Ba-da-bing, she can! Level up for discovering useful skill. Minus XP for not ever realising it in twenty-plus years. (Meanwhile, the GM cackles madly, because Adrastea's touching of these lines Has Consequenses. Everyone roll 2D10 against Luck.)
So, not five minutes later, she’s called upon for a bit of help. Some kid’s fallen in a water tank and the rescue’s going pretty bad. He’ll need some serious doctorin’ if he makes it out alive. Scene’s some mad chaos as lots of people try to rescue this kid without any form of organised plan. Panic can do that.
One thing she notices is the local priestess attempting to pull on the lines that keep the tank together. She’s not strong enough, so Adrastea steps in to help, 'cause that's what she does. Helpful lass is helpful.
Success is a matter of a point of view. Water tank comes apart, kid gets rescued, everyone’s covered in mud. Priestess is horrified because there was a chance this day would come, and she hoped it wouldn't. This portends bad things afoot. She tells Adrastea to hie thee hence to the sacred spring and go for a wash. No askin’ politely, no explanations why.
Adrastea, bemused, heads off.
But it’s a long way to the sacred spring, so she just stops by the local creek to de-mud-ify herself.
But she’s not alone. Mor-Lath, God of the Dark, appears. The moment she touched those lines, he knew who she was and where. He’s been looking for her for a long time.
Mor-Lath wants a bride. Adrastea’s just the one. It's not so much a proposal, as a tellin' her the way things are going to be.
Adrastea freaks out and runs away. She tells her mother (because sometimes a grown up girl still needs her momma), her aunt and the village priestess.

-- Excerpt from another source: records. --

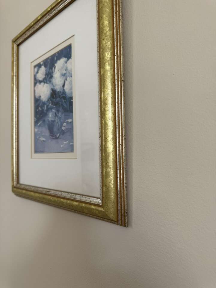 VenmoA bouquet of white roses sits gracefully in a clear glass vase, their delicate petals unfurling in soft, layered blooms. The vase, simple yet elegant, allows the lush green stems to show through, adding a touch of natural vibrancy. Surrounding the arrangement are dark navy accents. A gold frame encases the scene, its warm metallic sheen providing a striking contrast to the cool navy hues and the crisp white of the roses.
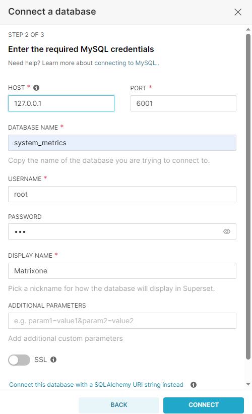 填写 MatrixOne 数据库的连接信息,包括主机、端口、用户名和密码。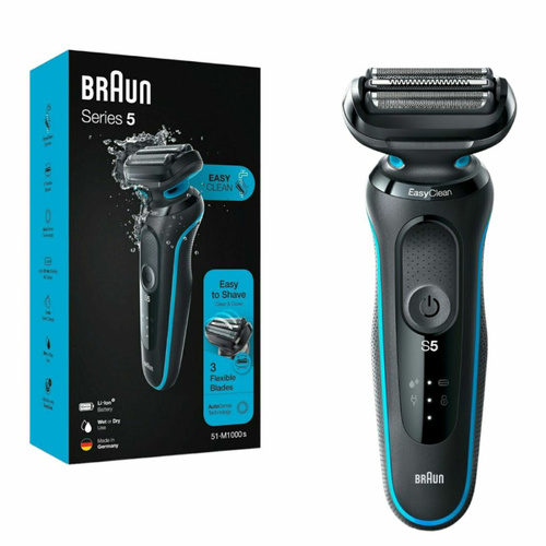 ریش تراش براون مدل 51M1000s با 3 عدد تیغه انعطاف پذیر به طور روان با خطوط صورت شما سازگار است. بیشترین سازگاری را با ریش شما پیدا می کند. در حالی که سیستم EasyClean تمیز کردن سریع و ساده را امکان پذیر می کند- بدون نیاز به برداشتن سر ماشین اصلاح.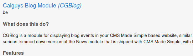 i am using the latest Version of CMS Made Simple (CMS Made Simple™ 2.2.3.1 “Happy Adventure”) and the latest Version of CGBlog (1.15.4) on PHP 5.4.45-0+deb7u11.

Everyone's rather concerned about this and keep it hush-hush. After all, he's the Dark One, who haunts all their ghost stories, the one who drags all sinful souls down to purgatory. Also, this village worships the rival god, so there's a bit of the whole Conflict of Interest thing going on. If anyone else finds out about this, we're talking some awkward moments at the next Village Council meeting.
Then someone realises that despite his rather forceful wording, the Dark God's proposal isn't the be-all-and-end-all it seems. Adrastea has a choice. He can't coerce her. He needs her to accept his proposal willingly.
Does she want to become the Dark God's wife?
Her answer is no. Very much no. Her immortal soul is in peril.
(You didn't think it would be that easy, though, did you?)
_______________
Okay, so the story isn't told in that voice. It's more the gently unobtrusive "I Are Serius Fantasy" voice. I've passed this novel through my workshop and even had a freelance editor give it a once-over to ensure I haven't made any Really Stupid Mistakes with it (I hope). I've plotted this tightly, I've done my best to give the characters roundness and life and hope I've tied up all the loose ends that needed tying.
While there are strong Romantic elements in the plotline, I don't know if I would call this a Romance, and I'm not pitching it as such. But the plotline is all about their tumultuous courtship and whether or not Adrastea can deny the God of the Dark his Bride. Sometimes when two people come together, it's not so cut-and-dried that they'll end up together--or if they should.
This story might please readers who thought Bella Swan needed more backbone.
Since we win over the hearts of mentors with the strength of our novel, I'm hoping Of The Dark hits the spot for someone.